▸ Data section
============
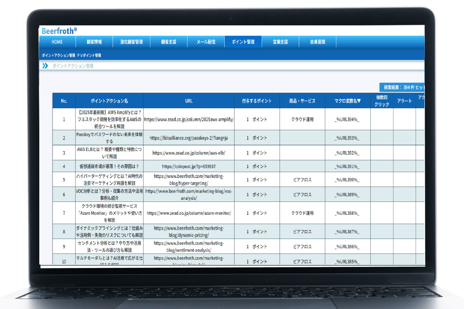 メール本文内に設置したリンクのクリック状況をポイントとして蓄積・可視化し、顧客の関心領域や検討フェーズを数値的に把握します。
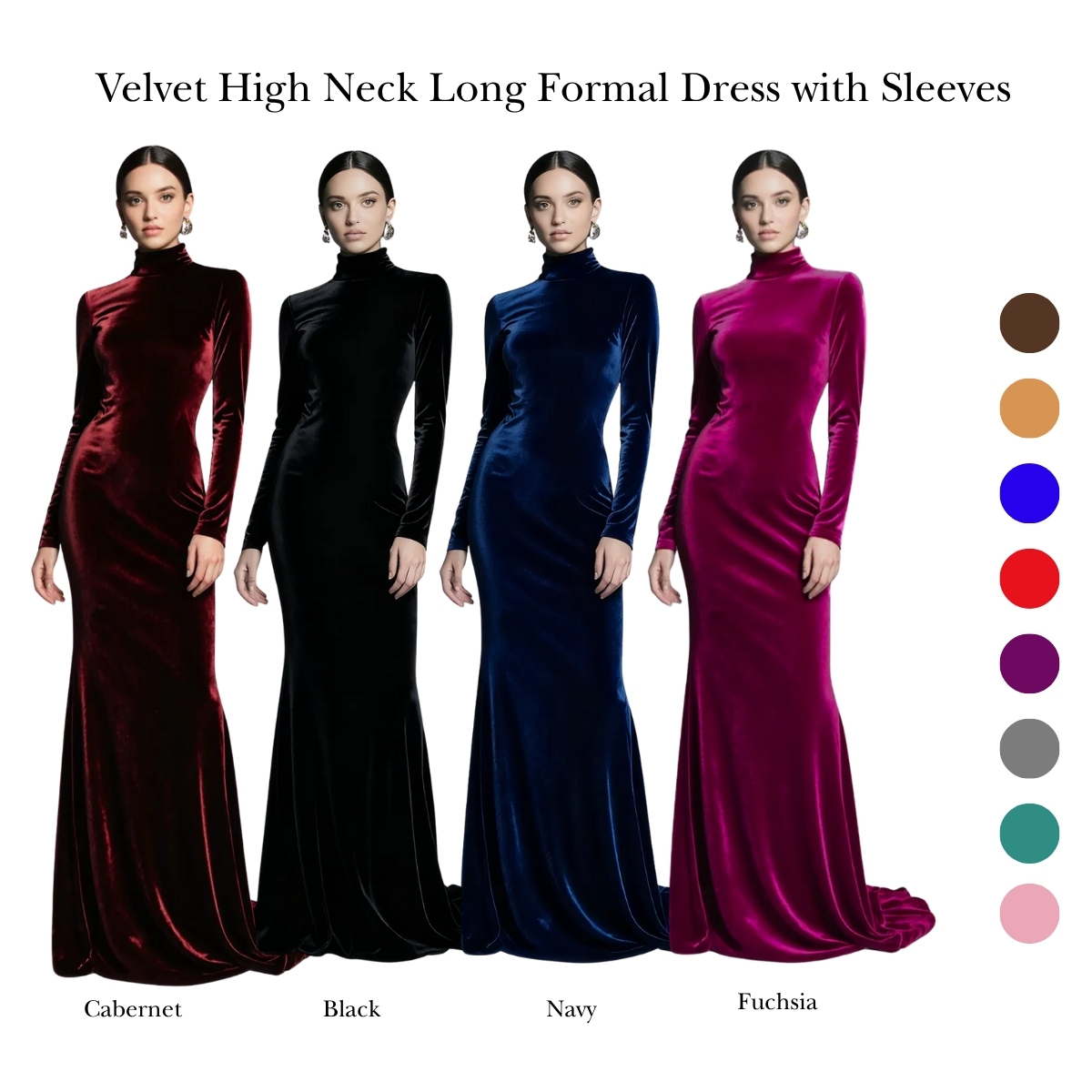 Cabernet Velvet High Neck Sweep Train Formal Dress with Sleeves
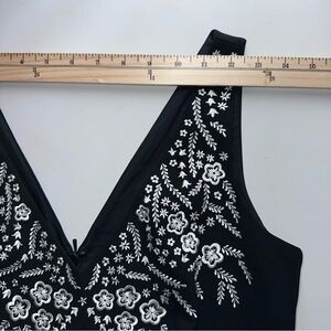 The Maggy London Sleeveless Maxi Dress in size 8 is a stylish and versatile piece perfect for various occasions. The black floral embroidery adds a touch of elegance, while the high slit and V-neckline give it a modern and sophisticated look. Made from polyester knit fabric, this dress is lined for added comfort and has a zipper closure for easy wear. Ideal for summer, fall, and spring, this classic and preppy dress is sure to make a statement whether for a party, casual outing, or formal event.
============
▸ Task directions
Print the listing exactly, pictures excluded.

▸ Task result
 メール本文内に設置したリンクのクリック状況をポイントとして蓄積・可視化し、顧客の関心領域や検討フェーズを数値的に把握します。
 Cabernet Velvet High Neck Sweep Train Formal Dress with Sleeves
 The Maggy London Sleeveless Maxi Dress in size 8 is a stylish and versatile piece perfect for various occasions. The black floral embroidery adds a touch of elegance, while the high slit and V-neckline give it a modern and sophisticated look. Made from polyester knit fabric, this dress is lined for added comfort and has a zipper closure for easy wear. Ideal for summer, fall, and spring, this classic and preppy dress is sure to make a statement whether for a party, casual outing, or formal event.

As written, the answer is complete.